Absolument ! Nous n'aurions jamais imaginé qu'il soulèverait un tel débat. Nous avons réussi à mettre sur le devant de la scène deux questions qui nous tiennent à cœur : notre sexualité et les problèmes urgents que doit affronter le pays. Tout le monde en a parlé, même les enfants dans les écoles. Maintenant que le boycott est terminé, le débat continue et il est parti pour durer longtemps. Tous les médias en parlent, au Kenya et même à l'étranger.
Concrètement, que s'est-il passé ?
Dans cette seule semaine, le Président et le Premier ministre se sont rencontrés trois fois. C'est un record, car ils ne se voyaient pas depuis des mois. Ils ont enfin commencé à discuter des problèmes du pays. Même si le débat est clos, nous, les femmes, allons soumettre au Président un contrat de performance, pour mesurer les progrès accomplis par lui et Premier ministre. C'est un plan d'action sur 90 jours qui va lancer la discussion et aider à garder le cap sur les cinq questions qui nous tiennent le plus à cœur.
Lesquelles ?
D'abord la renégociation de l'accord national et de réconciliation de l'année passée. C'était un document de cessez-le-feu, signé pendant la guerre et dont l'architecture est très mauvaise. Il doit être renégocié de fond en comble pour que le Kenya ne sombre pas dans davantage de chaos. Ensuite, il y a la crise de la faim.

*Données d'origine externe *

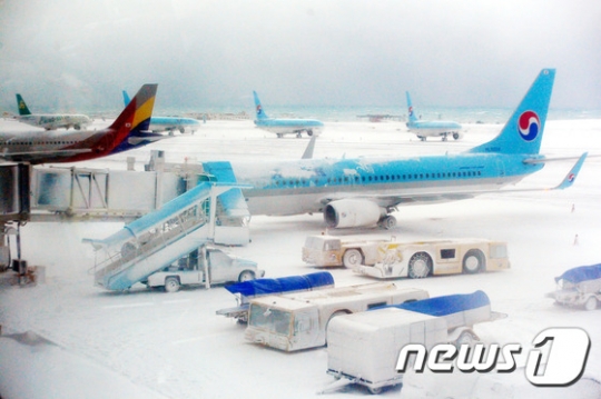 제주지역에 내린 많은 눈으로 24일 제주국제공항 활주로에 눈이 쌓여 운항을 포기한 항공기가 멈춰서 있다. /사진=뉴스1

Tant qu'elle n'est pas résolue, nous ne devrions pas rédiger la nouvelle Constitution, qui n'est pas un document de plus, mais un processus dans lequel toute la nation doit s'engager, avec des critères de gouvernance et de reddition de comptes de la part de ceux qui nous gouvernent.
Actuellement, il y a tellement de tensions que ce n'est pas le moment de rédiger une Constitution. Nous devons d'abord réfléchir à des réformes en profondeur, à commencer par le problème de la faim. Les politiciens manipulent les gens qui ont faim : ils leur donnent un peu à manger et continuent à les opprimer. Nous disons : « Pas de unga (la céréales qui constitue l'alimentation de base), pas de Constitution. » La majorité des pauvres a très faim, on ne peut pas écrire un texte fondamental dans ces conditions.
Quelles sont vos autres revendications ?
Les élections. Elles ne sont plus du tout à l'ordre du jour parce que les Kényans ont eu trois élections générales, mais ils sont toujours divisés selon des clivages tribaux. Le chaos perdure et les déplacés intérieurs n'ont pas pu retourner chez eux.
Ensuite, il y a l'insécurité. Elle est toujours inacceptable. Mais le Président, qui est le commandant en chef, a refusé d'exercer le pouvoir que lui confère la Constitution. A cause de cette vacance, différents groupes et les « vigilantes » continuent à commettre des crimes et la police de s'adonner à des exécutions extrajudiciaires. Et le pays est menacé : par les pirates qui sévissent dans l'Océan indien, par la Somalie au Nord, et par l'Ouganda, qui pourrait nous envahir à tout moment, à l'Ouest. Nous devons mettre sur pied un appareil sécuritaire important pour désarmer les gangs.
Finalement, il y a la réforme du pays. Nous avons perdu confiance dans les institutions de gouvernance et dans la démocratie. Nous ne croyons plus au parlement, au gouvernement et au pouvoir judiciaire. Les deux leaders doivent résoudre ce problème de confiance et mettre en place une commission électorale pour superviser les élections.
Ces cinq questions sont essentielles. Le Kenya a été fortement tribalisé par les deux chefs. Ils n'ont rien fait pour panser les plaies de la nation, alors qu'ils sont responsables de la réconciliation. Ils doivent détribaliser le pays.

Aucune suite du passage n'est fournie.